_PROBLEM STATEMENT_:
Print exactly the lines below between the line containing "Le mascherine FFP2" and the line containing "मथुरा-वृंदावन में फूलों", counting both of those lines. Leave pictures out.
┄┄┄┄┄┄┄┄┄┄┄┄┄┄┄┄┄┄┄┄
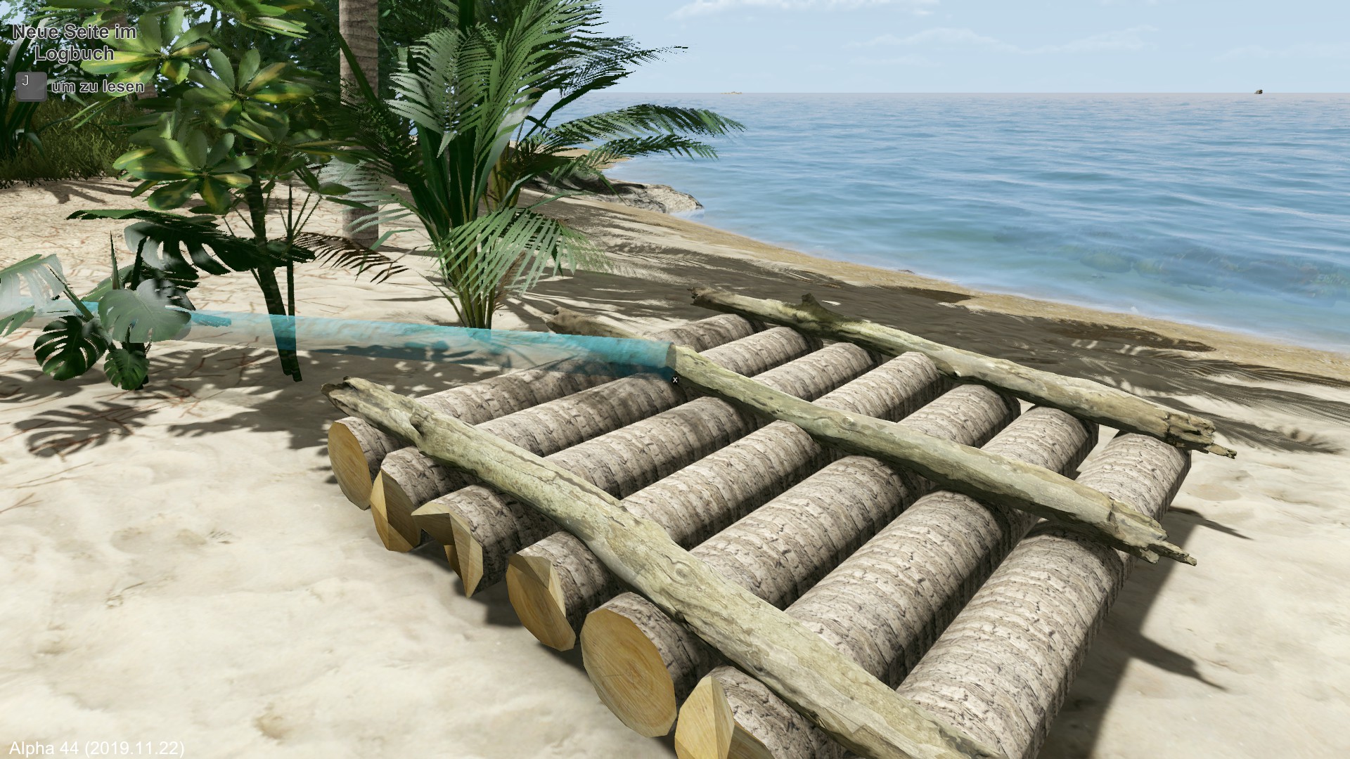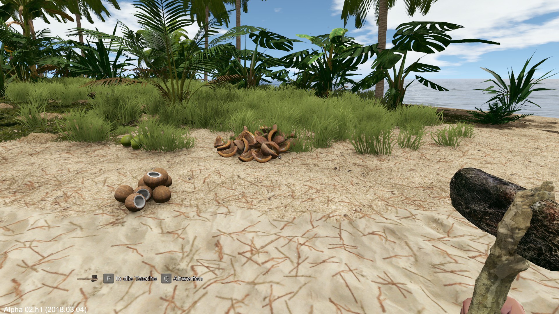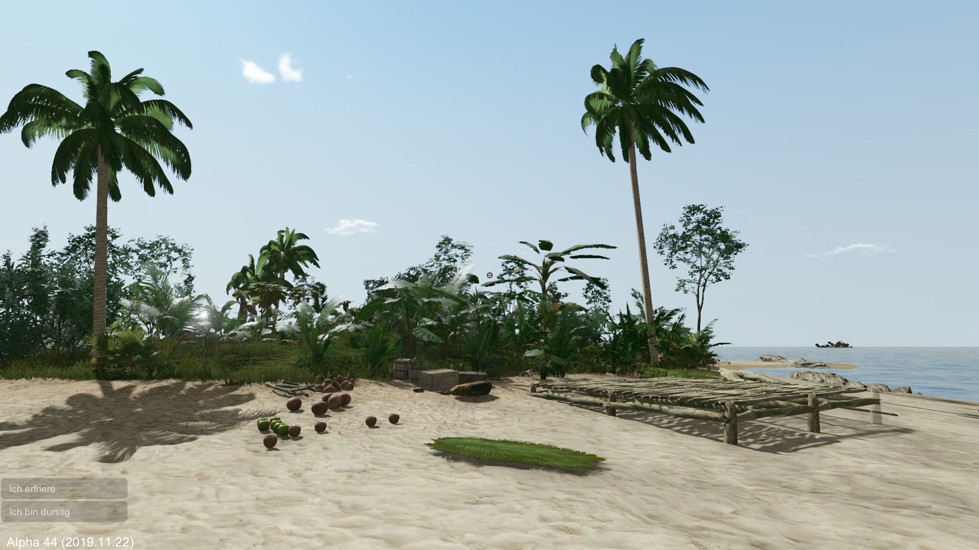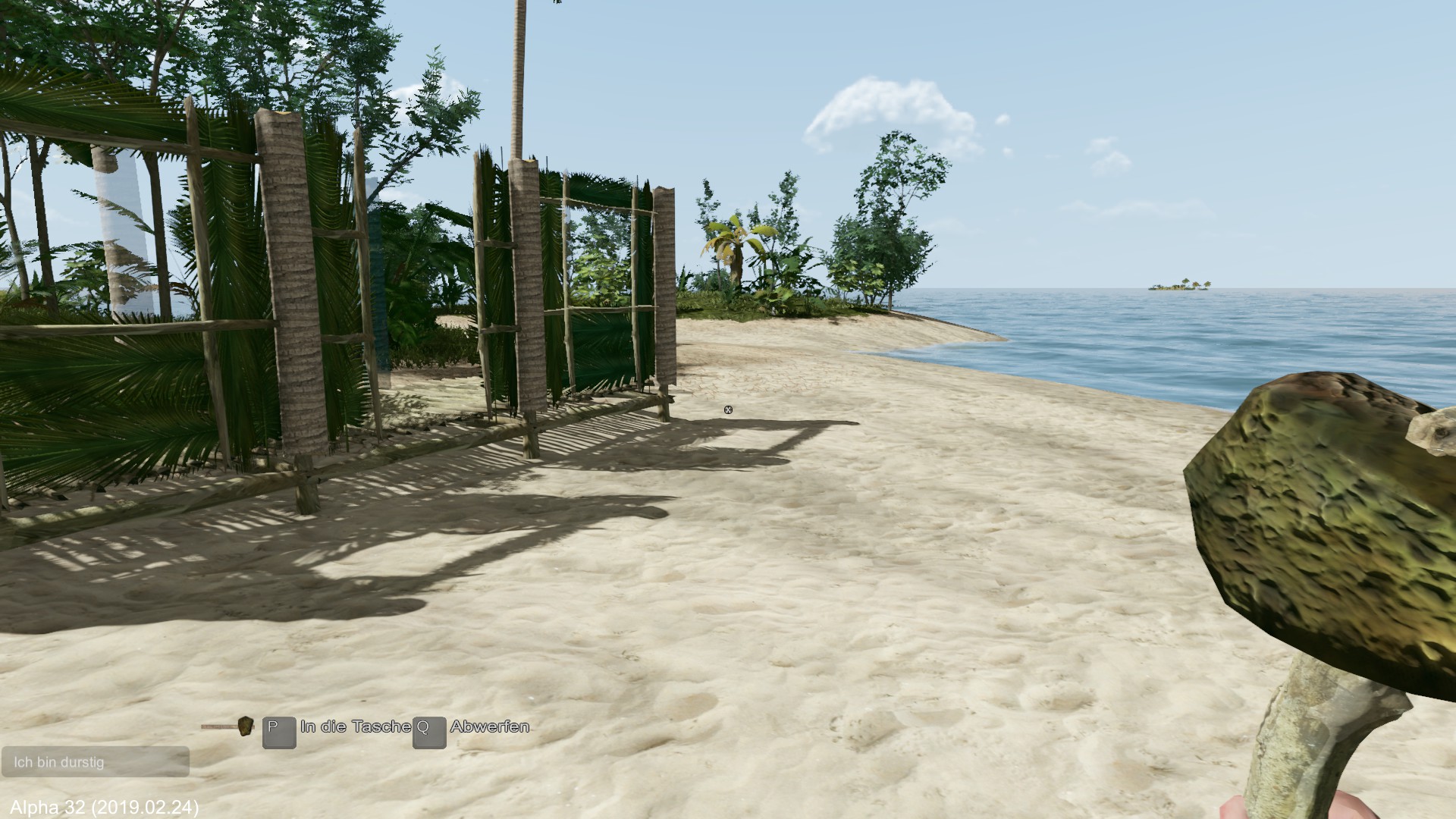Am nächsten Morgen fälle ich eine der wenigen Palmen und erhalte damit vorerst Flüssigkeit mit den Kokosnüssen. Das Holz wird zum Hüttenbau verwendet.
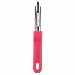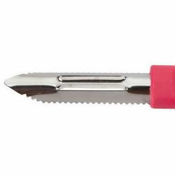 - This Peeler has serrated blade quickly peels soft skinned fruits and vegetables.
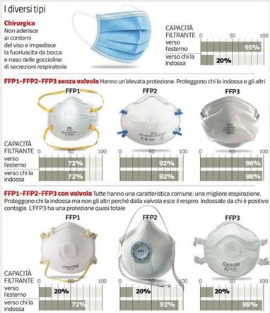 Le mascherine FFP2 e FFP3 – In ordine di potere filtrante abbiamo prima, per efficenza, le mascherineindicate ai medici o a persone a stretto contatto con malati Covid-19: «Semimaschere filtranti FFP2 e FFP3».
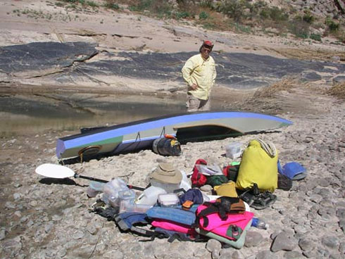 Can you believe all this gear came out of that boat? Skip surveys all the camping stuff that came out of the bowels of my Imresboat so we could pull it onto the sandbar for field repairs in Mariscal Canyon.
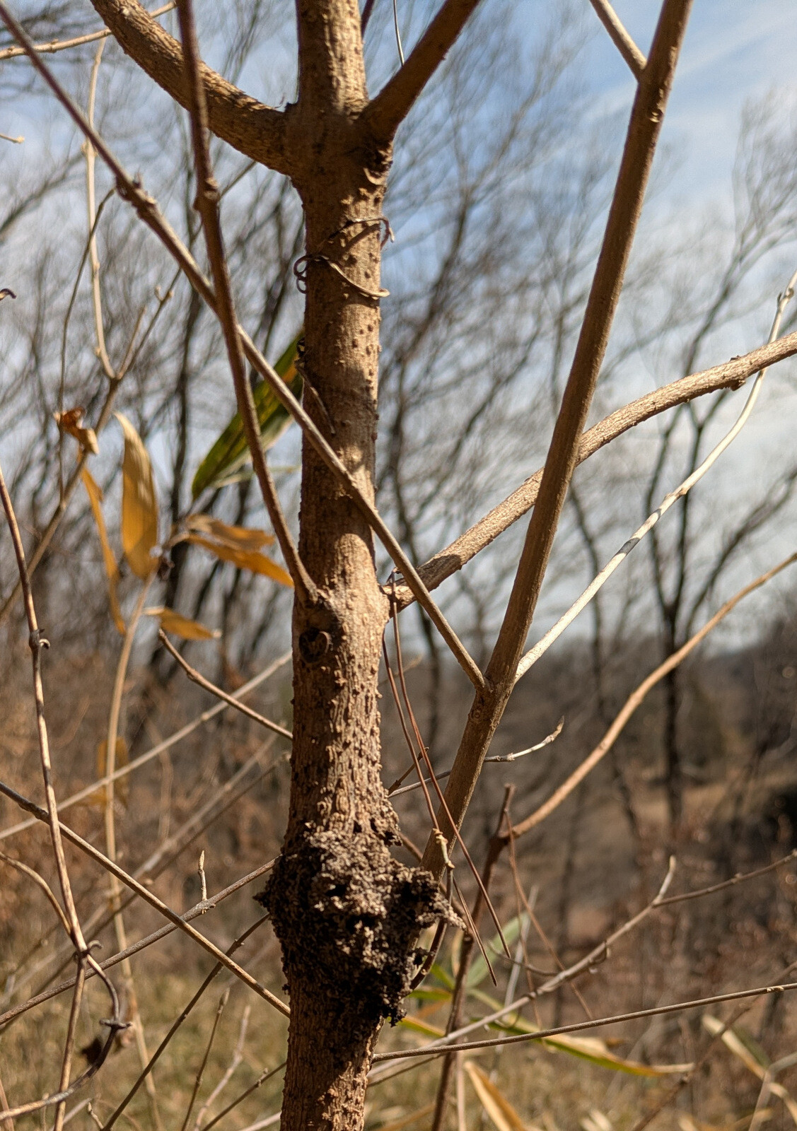 岩殿谷津田自然くらぶの自然観察会『新春の岩殿丘陵・谷津田を歩く 冬芽・ロゼット・冬越しの生きものたち』を物見山駐車場~見晴らしの丘~JAXA地球観測センター、入山谷津で実施しました。
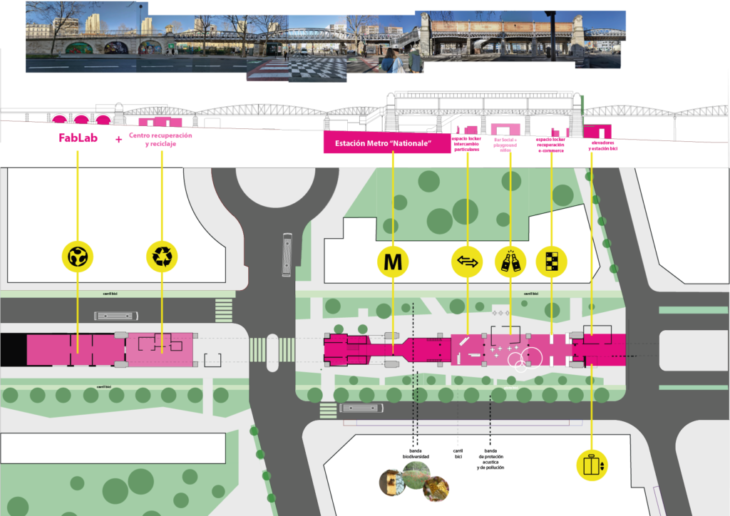 Como ejemplo, con referencia a la parada Nationale, se propone un bar social con parque infantil para niños, un espacio equipado con un sistema de intercambio de mercancías de segunda mano, y en la parte semi subterránea, la instalación de un fab-lab en continuidad con el centro de recuperación existente y el reciclaje de materiales.
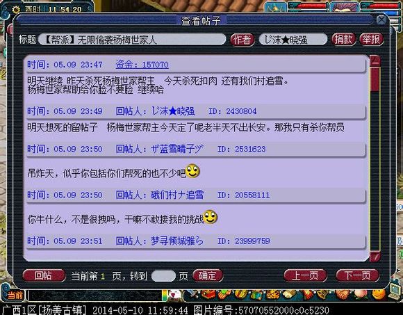 此人极度猥琐,每次被我杀都发个流口水的表情,事情就这么完了吗?木有,他一个垃圾帮的帮主还惹了另外一个129大爷的帮,结果惹得129大爷怒屠了他们帮,下面上点图,这个沫小强的帮叫无源之水,那个129大爷的帮是杨美世家 |
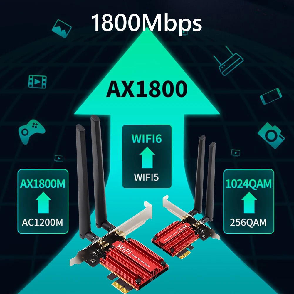 Двухдиапазонный 1800 Мбитс Wi-Fi 6 Bluetooth-совместимый 5,2 PCI-E ...
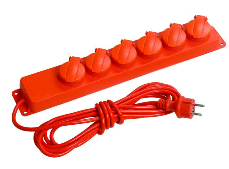Удлинитель 6 гнезд с/з с крышками 5м 16А 250В IP44 (ПВС 3х1мм2) красный У06В IEK
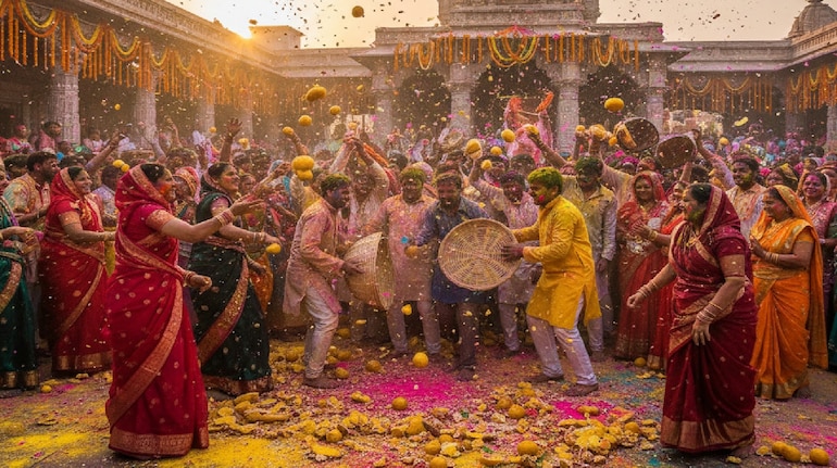 मथुरा-वृंदावन में फूलों और लड्डुओं की होली: एक-दूसरे पर जमकर बरसाए जाते हैं लड्डू और फूल!
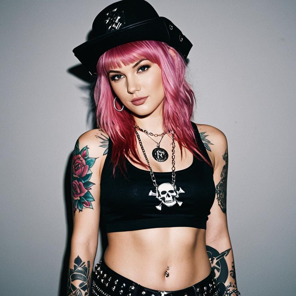 Portrait of a woman with neon purple hair styled up and bangs, wearing a strapless purple satin dress. She accessorizes with matching purple gemstone earrings and a necklace. Her makeup features bold purple lipstick and defined eyes against a dark background.
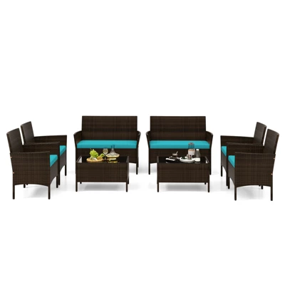 Material: PE Rattan, Metal, Tempered Glass, Polyester, Sponge
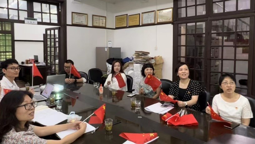 党课学习后,副书记王海蓉通报近期巡视整改工作和关于在离退休教职工中开展“我看中国特色社会主义新时代”“教育这十年”等调研活动。最后,宣传委员周吉梅织专题党日活动:唱红歌学习百年党史。伴随着《唱支山歌给党听》《春天的故事》这些熟悉而优美的旋律响起,大家挥舞着手中的红旗,中国共产党发展历程的一幕幕仿佛再次出现在眼前,让人激动,让人骄傲。
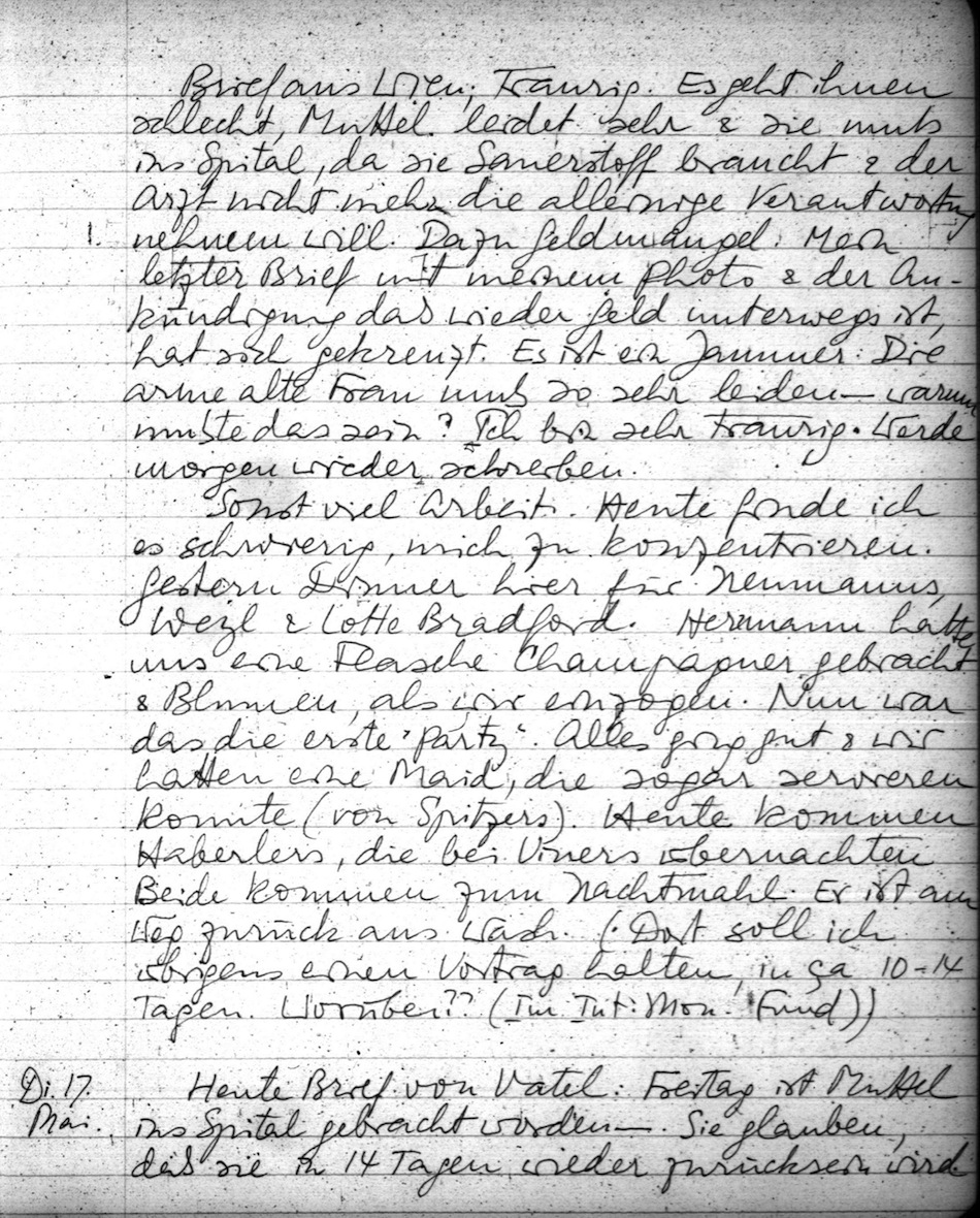 Heute Brief von Vatel: Freitag ist Muttel ins Spital gebracht worden . Sie glauben, daß sie in 14 Tagen wieder zurücksein wird. Ich zweifle sehr. Sie ist bei Eiselsberg. Dazu kommt, daß sie kein Geld mehr haben. Es scheint alles sehr traurig zu sein. Geld ist wieder unterwegs. Was für ein Jammer, daß gerade Muttel so leiden muß. Es ist ganz unmöglich von hier aus mehr zu tun. Wie grässlich, sich sagen zu müssen, daß sie erlöst werden möge; sie muß nun auch Sauerstoff bekommen & hat schmerzhafte Anfälle von Angina Pectoris. Die arme Hannchen.
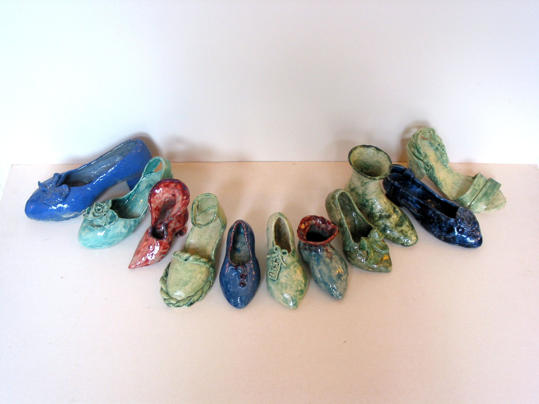 Een collectie schoentjes in keramiek.
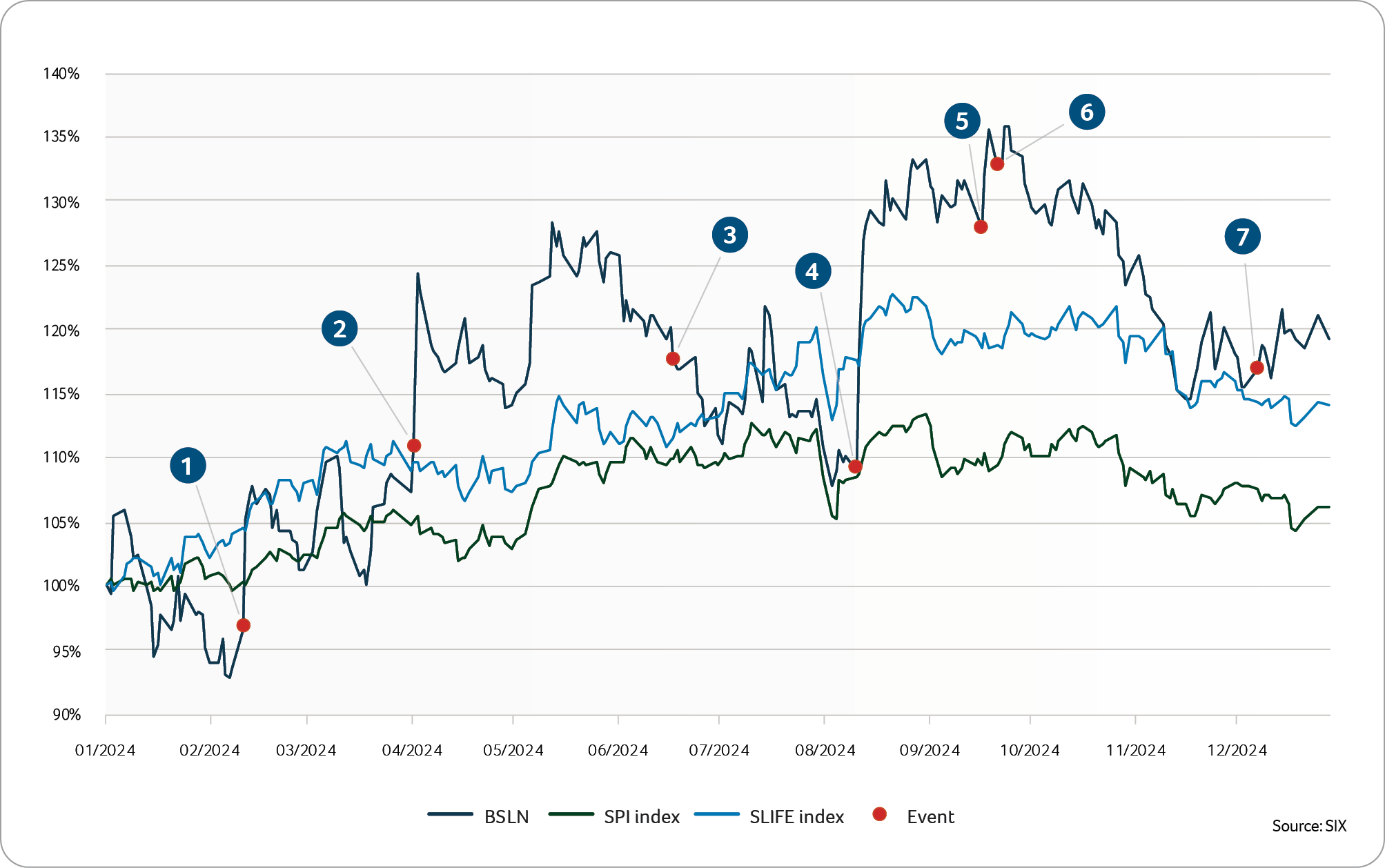 ➍ Basilea reported strong half-year figures on August 13, 2024, and raised its forecast. Total revenue of CHF 196 million (+20%) and a net profit of CHF 42 million were projected for the full year.
┄┄┄┄┄┄┄┄┄┄┄┄┄┄┄┄┄┄┄┄
_EXERCISE OUTPUT_:
 Le mascherine FFP2 e FFP3 – In ordine di potere filtrante abbiamo prima, per efficenza, le mascherineindicate ai medici o a persone a stretto contatto con malati Covid-19: «Semimaschere filtranti FFP2 e FFP3».
 Can you believe all this gear came out of that boat? Skip surveys all the camping stuff that came out of the bowels of my Imresboat so we could pull it onto the sandbar for field repairs in Mariscal Canyon.
 岩殿谷津田自然くらぶの自然観察会『新春の岩殿丘陵・谷津田を歩く 冬芽・ロゼット・冬越しの生きものたち』を物見山駐車場~見晴らしの丘~JAXA地球観測センター、入山谷津で実施しました。
 Como ejemplo, con referencia a la parada Nationale, se propone un bar social con parque infantil para niños, un espacio equipado con un sistema de intercambio de mercancías de segunda mano, y en la parte semi subterránea, la instalación de un fab-lab en continuidad con el centro de recuperación existente y el reciclaje de materiales.
 此人极度猥琐,每次被我杀都发个流口水的表情,事情就这么完了吗?木有,他一个垃圾帮的帮主还惹了另外一个129大爷的帮,结果惹得129大爷怒屠了他们帮,下面上点图,这个沫小强的帮叫无源之水,那个129大爷的帮是杨美世家 |
 Двухдиапазонный 1800 Мбитс Wi-Fi 6 Bluetooth-совместимый 5,2 PCI-E ...
Удлинитель 6 гнезд с/з с крышками 5м 16А 250В IP44 (ПВС 3х1мм2) красный У06В IEK
 मथुरा-वृंदावन में फूलों और लड्डुओं की होली: एक-दूसरे पर जमकर बरसाए जाते हैं लड्डू और फूल!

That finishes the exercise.